Veronica Rueckert: We’re obsessed with these foundation garments that have one purpose: to make women smaller. If we trace this all the way back, you can look at the 1700s, 1800s when corsets were the rule of fashion, and women wore them to extremes. Things really haven’t changed. The goal is the same—to make women smaller. But there’s an incredibly high price tag that goes along with those garments in that we compromise our own voices. We have to expand the belly in order to take a foundational breath that will fortify us, that will calm our anxiety, that will help us be at home in our own skin, in our own voices and speak with strength. These garments literally prevent women from expanding their bellies and that chops off the voice at the knees.
The Helm: You write about cubicle voice. Can you explain that term and talk about the chilling effect of it?
Veronica Rueckert: I had a client who came in and had this very hushed, papery voice, and I was trying to figure out where it came from.
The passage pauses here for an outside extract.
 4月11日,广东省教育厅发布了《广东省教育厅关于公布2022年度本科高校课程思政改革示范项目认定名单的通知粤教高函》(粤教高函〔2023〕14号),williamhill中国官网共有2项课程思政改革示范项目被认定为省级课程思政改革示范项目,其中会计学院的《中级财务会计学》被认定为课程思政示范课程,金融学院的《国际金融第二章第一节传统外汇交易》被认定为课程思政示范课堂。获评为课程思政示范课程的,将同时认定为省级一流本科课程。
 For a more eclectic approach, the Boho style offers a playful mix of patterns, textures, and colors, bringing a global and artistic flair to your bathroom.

Finally, I asked her, “Do you happen to work in an open office space?” She said, “Yes, I do. And I feel like I’m always kind of having to keep it down. I’m really conscious not to disturb.” You put a woman in these open office spaces where in addition to all of those layers of cultural pressures to be silent, they feel they also have to keep it down so they don’t disturb anyone. It’s terrible for the voice.
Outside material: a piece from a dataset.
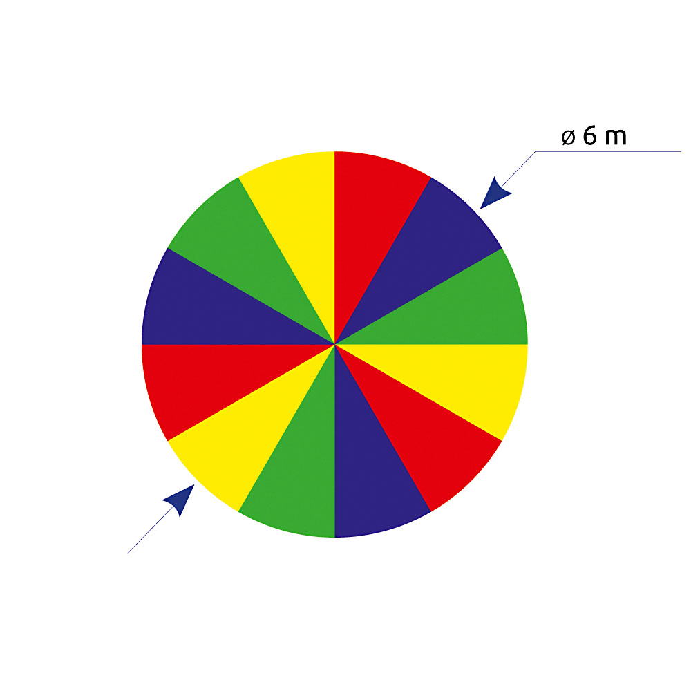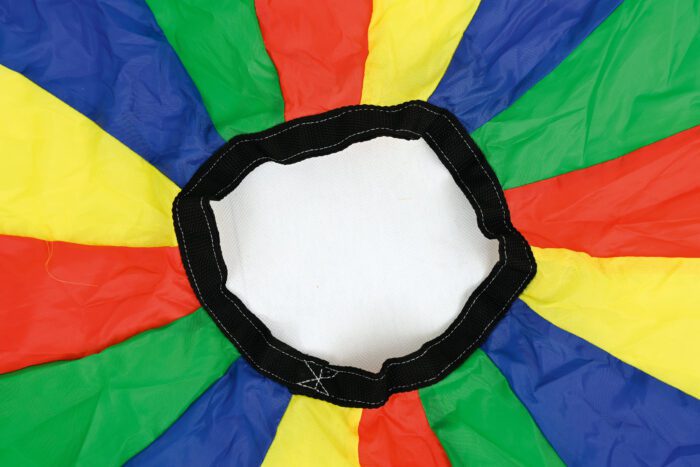 Spalvingas ir lengvas žaidimų parašiutas, tinka daugeliui žaidimų ir komandinių veiklų. Jis turi rankenas, leidžiančias keliems žmonėms dalyvauti žaidimuose.
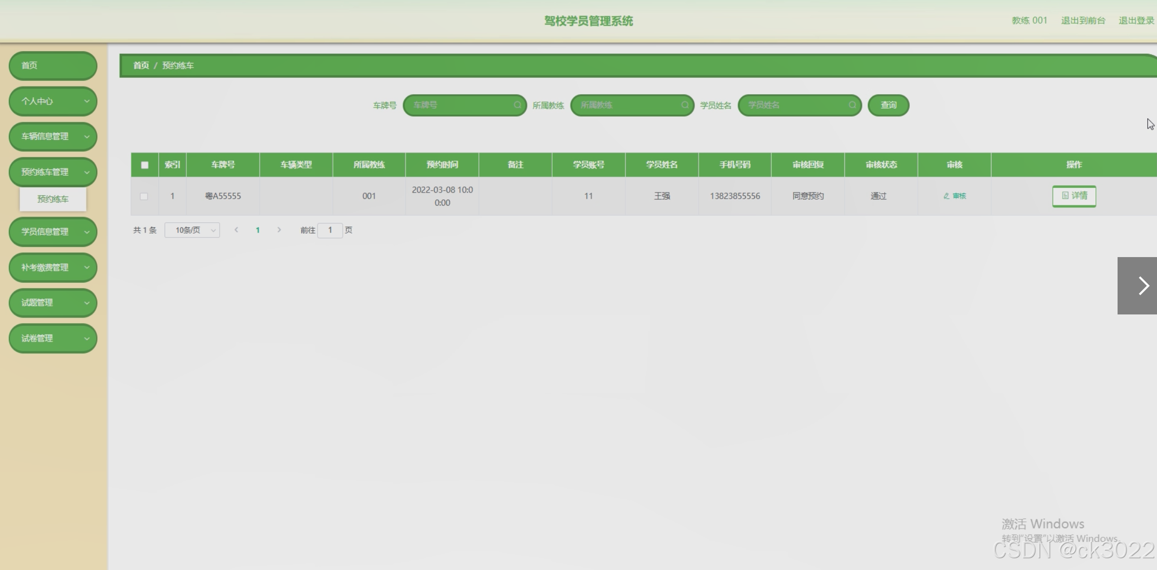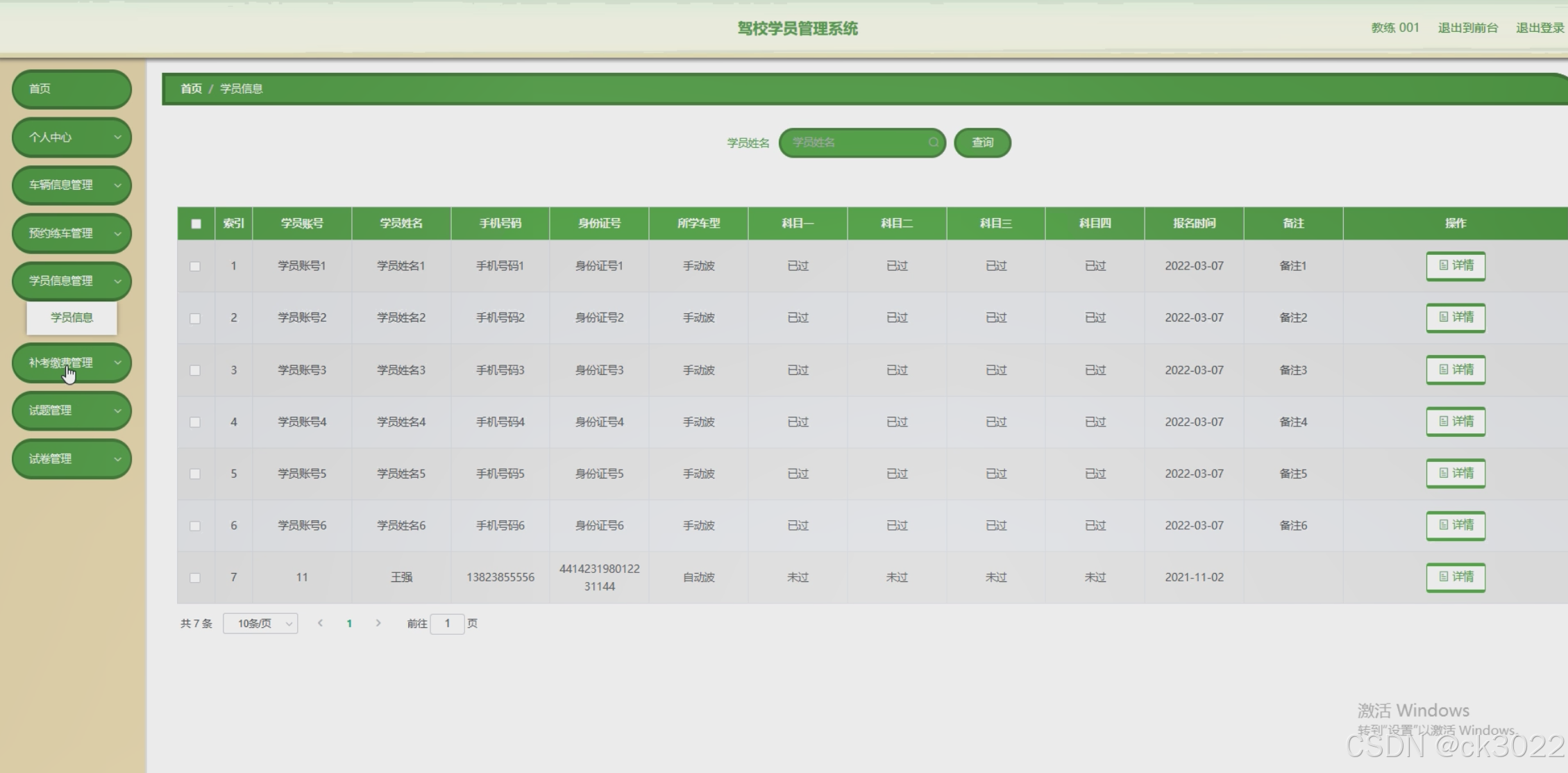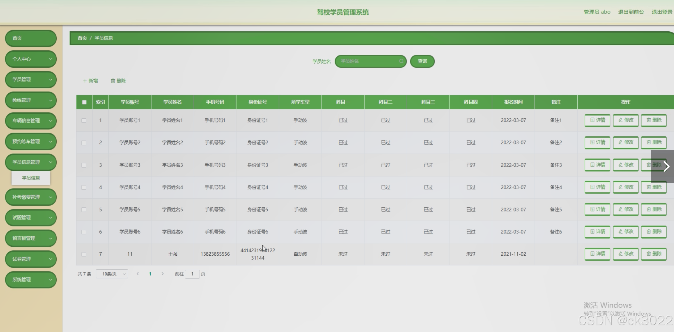 - 成功开发基于 Springboot 的驾校学员管理系统,实现驾校学员管理业务高效运行与学员便捷使用,显著提升驾校学员管理系统的运行效率与管理水平。为学员提供优质的学习管理平台,为教练创造良好的工作环境。

The Helm: You’ve analyzed how female Supreme Court justices have changed the way they speak over their time on the bench in order to sound more like men.
Veronica Rueckert: This is fascinating research out of Northwestern University’s School of Law. When female U.S. Supreme Court Justices were early on in their terms, they would couch what they’re going to say during oral arguments in polite language. What they seem to have discovered, whether or not this was conscious or not, was that they got interrupted. If you look at the way it evolved, the women on the court have learned to talk like men as time went on. So that means they just cut right in, said what they had to say, and then got out again, and then they got interrupted less frequently. We’re in this liminal period right now where women are not there in numbers as great as men in corporate leadership, in politics, in Hollywood, and so women do adapt, and one of the ways they adapt is by talking like the guys. It’s both inspiring to me because it shows our resilience and their resourcefulness. But it also makes me a little sad, because they had to change the way they spoke in order to be heard.
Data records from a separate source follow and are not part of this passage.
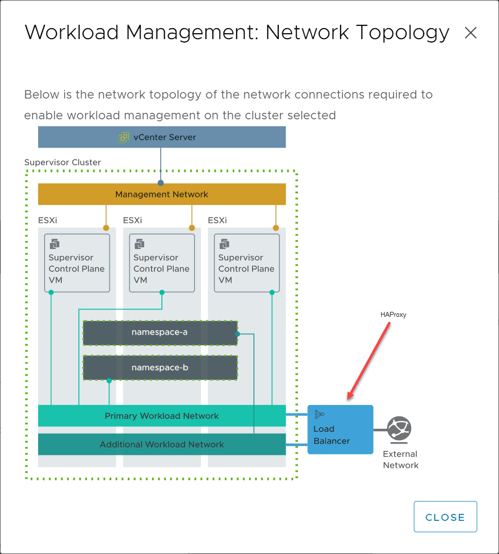 Below is an overview of the Workload Management: Network Topology when using vSphere with Tanzu Kubernetes. AS you can see the Load Balancer below in the network diagram is where the HAProxy will run.
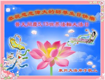 福建省泉州市大法弟子:熱烈慶祝「513」世界法輪大法日!感恩師尊的慈悲苦度,恭祝慈悲偉大的師尊生日快樂!
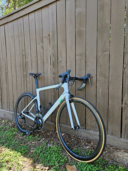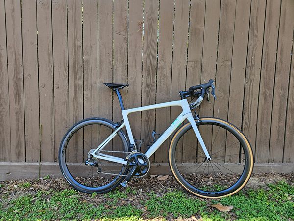 Featherweight 16lb custom made 56cm carbon fiber road bike with Shimano Di2 11 speed shifting. Like new condition, very low miles. Meticulously maintained. I personally built this road bike as I wanted a sub 17lb road bike with electronic shifting. Built with all brand new components including a very light and strong quality carbon fiber wheelset (1325g) with ceramic bearings, Carbon handlebars, carbon seat post, carbon saddle, and carbon frame and fork. Intentionally built with rim brakes which I believe to be a superior choice to disc brakes for road bikes. Extremely easy to maintain and adjust, (no squealing or disc rubbing) while being generally lighter. Rim brakes are becoming harder to come by on modern bikes. No branding with a minimal green accent on the frame which I ordered from the factory to have a discrete, clean look. I have ordered extra parts including several headset bearings, a spare carbon seat post and derailleur hanger I will include.
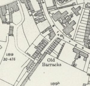Houses were built to house Militia staff. That nearest Silver Street housed the Regimental Sergeant Major, next door was the Sergeant Major, and nearest the hospital was the Quartermaster Sergeant. Little cottages in Parade Lane were used for privates.
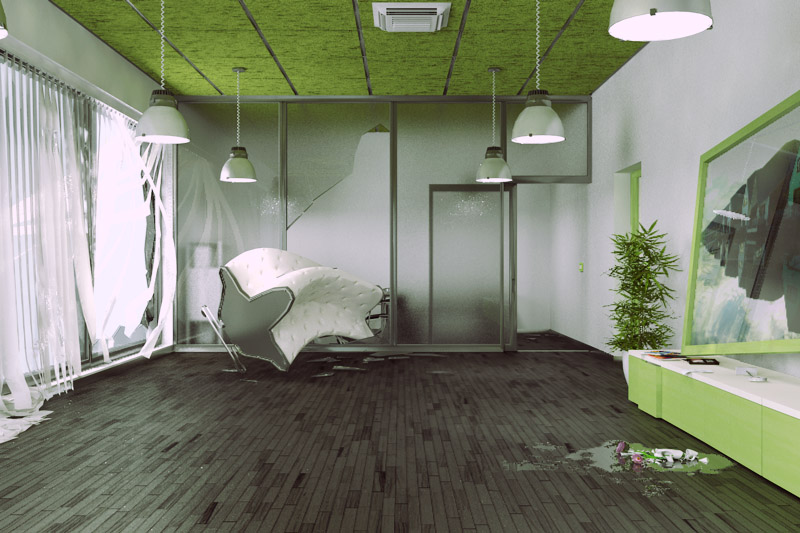 di fatto la nuova scena sarà il risultato del passaggio di alcuni loschi figuri che sono penetrati nell'edificio e hanno messo a soqquadro tutto.
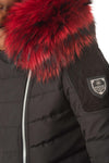 En superb fast huva prydd med majestätisk äkta tvättbjörnspäls som kan tas bort med tryckknappar, med en färgglad touch.
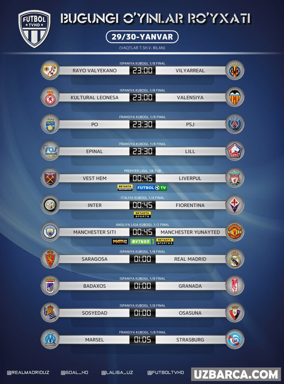 Bugungi uchrashuvlar ro'yxati va ularni translyatsiya qiladigan telekanallar! Barcha o'yinlar Tshv bilan ko'rsatilgan!

As we see more women in leadership, and in those positions of power, we're going to see more diversity of voices.
The Helm: Do you think we’ll get to a point where women don’t have to do that?
Veronica Rueckert: I absolutely think we will. As we see more women in leadership, and in those positions of power, we’re going to see more diversity of voices, and we’re going to hear a broader array of speaking styles, more diversity in what’s accepted.
The Helm: Can you share the most important exercise that a woman can do to start claiming her voice?
Veronica Rueckert: The most important thing is to start making friends with your belly. Let it fill with air. When you breathe, the shoulders shouldn’t hunch up, that’s a sign of tension, the chest should not heave, just the belly moving with ease. Roll the shoulders back, and when the belly expands, let it out. I encourage women to unwind, de-pretzel themselves, and make peace with their belly. And you know what? Who cares if it’s an inch puffier than it would be, that’s because you’re breathing. That’s what is supposed to happen when you breathe. It’s a good thing. And I think as we begin to do that and take up that space, we will also take up more space with our voices.